Fluorescence- and magnetic-activated cell sorting strategies to isolate and enrich human spermatogonial stem cells.

OBJECTIVE: To determine the molecular characteristics of human spermatogonia and optimize methods to enrich spermatogonial stem cells (SSCs). DESIGN: Laboratory study using human tissues. SETTING: Research institute. PATIENT(S): Healthy adult human testicular tissue. INTERVENTION(S): Human testicular tissue was fixed or digested with enzymes to produce a cell suspension. Human testis cells were fractionated by fluorescence-activated cell sorting (FACS) and magnetic-activated cell sorting (MACS). MAIN OUTCOME MEASURE(S): Immunostaining for selected markers, human-to-nude mouse xenotransplantation assay. RESULT(S): Immunohistochemistry costaining revealed the relative expression patterns of SALL4, UTF1, ZBTB16, UCHL1, and ENO2 in human undifferentiated spermatogonia as well as the extent of overlap with the differentiation marker KIT. Whole mount analyses revealed that human undifferentiated spermatogonia (UCHL1+) were typically arranged in clones of one to four cells whereas differentiated spermatogonia (KIT+) were typically arranged in clones of eight or more cells. The ratio of undifferentiated-to-differentiated spermatogonia is greater in humans than in rodents. The SSC colonizing activity was enriched in the THY1dim and ITGA6+ fractions of human testes sorted by FACS. ITGA6 was effective for sorting human SSCs by MACS; THY1 and EPCAM were not. CONCLUSION(S): Human spermatogonial differentiation correlates with increased clone size and onset of KIT expression, similar to rodents. The undifferentiated-to-differentiated developmental dynamics in human spermatogonia is different than rodents. THY1, ITGA6, and EPCAM can be used to enrich human SSC colonizing activity by FACS, but only ITGA6 is amenable to high throughput sorting by MACS.

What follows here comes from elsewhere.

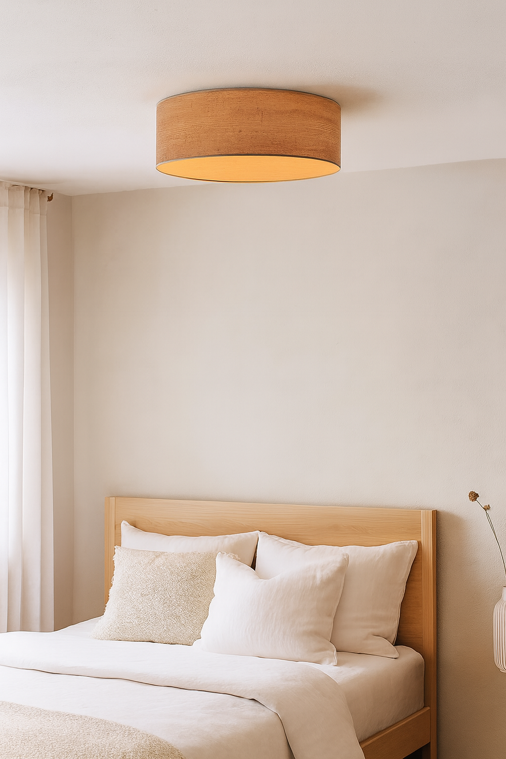 Nowoczesna plafoniera DUBAJ ECO to połączenie minimalistycznego designu i funkcjonalności w najlepszym wydaniu. Ten elegancki plafon sufitowy w stylu skandynawskim został zaprojektowany przez polskiego producenta LYSNE.PL, który słynie z dbałości o detal i wysokiej jakości wykonania. Cylindryczny abażur o średnicy 50 cm powstał z tworzywa PVC imitującego fornir z wytłoczonym wzorem drewnianych słojów, co nadaje lampie subtelności i lekkości. Abażur przylega do sufitu, pozostawiając ok. 1-2 cm przerwy, co nadaje mu efekt „unoszenia się” i umożliwia swobodny przepływ powietrza. Dzięki kilku kolorom do wyboru – dąb sonomaorzechowy i kasztanowy – plafon doskonale dopasujesz do swojego wnętrza. To idealna lampa sufitowa do salonu, jadalni, sypialni lub kuchni, która wprowadza ciepło, harmonię i przytulną atmosferę w stylu skandynawskim, boho lub rustykalnym.
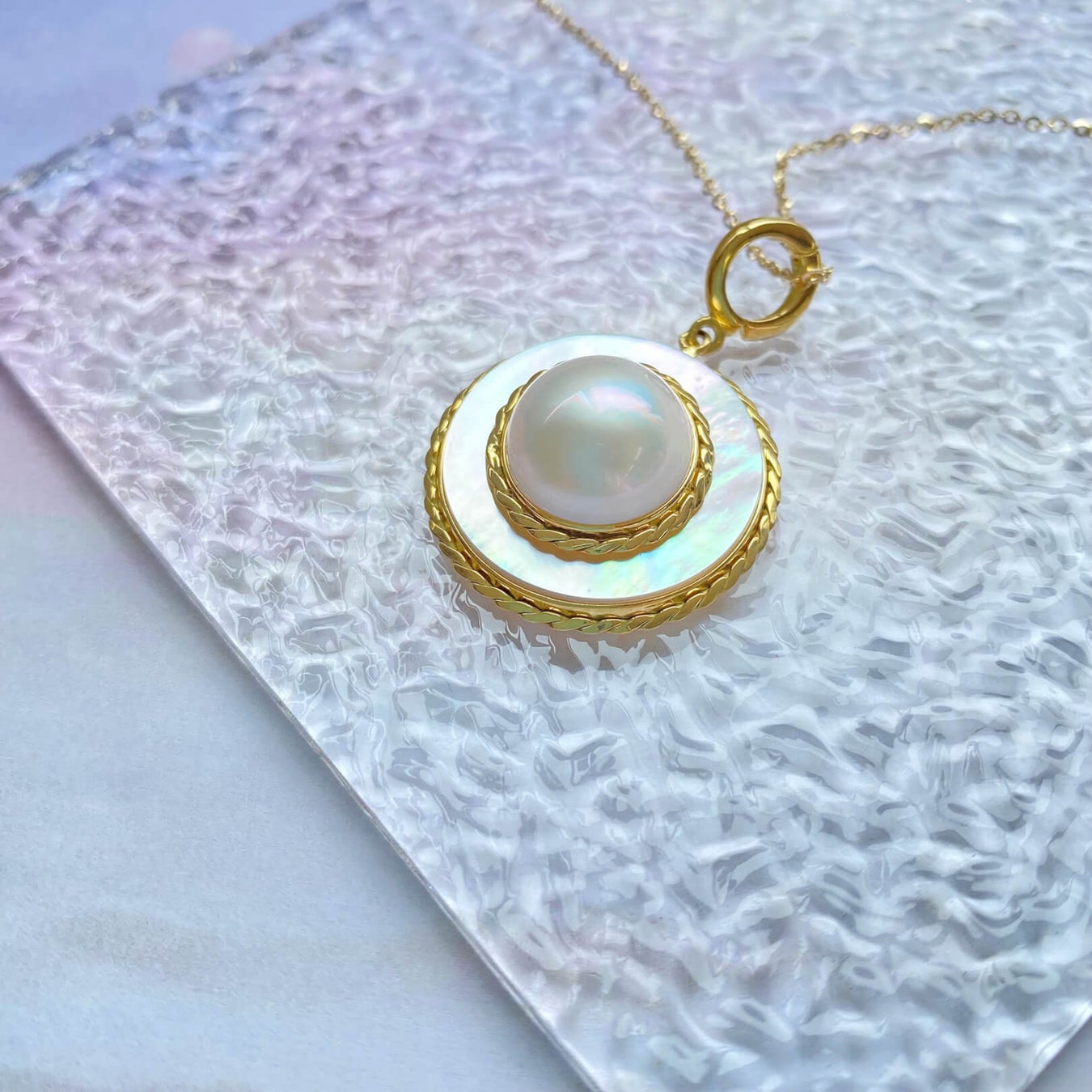 マベ貝から生まれる半円の真珠、マベパール。貝の内側に張り付くようにできるため半円のかたちをしています。 アコヤ真珠が “月の雫” と称されるのに対し、マベ真珠は “太陽の光” と称されます。 母貝の虹色の美しさは格別であり “世界で最も美しい真珠貝” と言われています。 その輝きは千差万別、ピンクやグリーンに輝くものもあれば、孔雀の羽のように妖艶に輝くもの、 朝焼けのような美しいブルーのものなど 多彩なカラーバリエーションをもつ、とても美しく稀少な真珠です。

Spermatogonial stem cell transplantation into rhesus testes regenerates spermatogenesis producing functional sperm.

Spermatogonial stem cells (SSCs) maintain spermatogenesis throughout a man's life and may have application for treating some cases of male infertility, including those caused by chemotherapy before puberty. We performed autologous and allogeneic SSC transplantations into the testes of 18 adult and 5 prepubertal recipient macaques that were rendered infertile with alkylating chemotherapy. After autologous transplant, the donor genotype from lentivirus-marked SSCs was evident in the ejaculated sperm of 9/12 adult and 3/5 prepubertal recipients after they reached maturity. Allogeneic transplant led to donor-recipient chimerism in sperm from 2/6 adult recipients. Ejaculated sperm from one recipient transplanted with allogeneic donor SSCs were injected into 85 rhesus oocytes via intracytoplasmic sperm injection. Eighty-one oocytes were fertilized, producing embryos ranging from four-cell to blastocyst with donor paternal origin confirmed in 7/81 embryos. This demonstration of functional donor spermatogenesis following SSC transplantation in primates is an important milestone for informed clinical translation.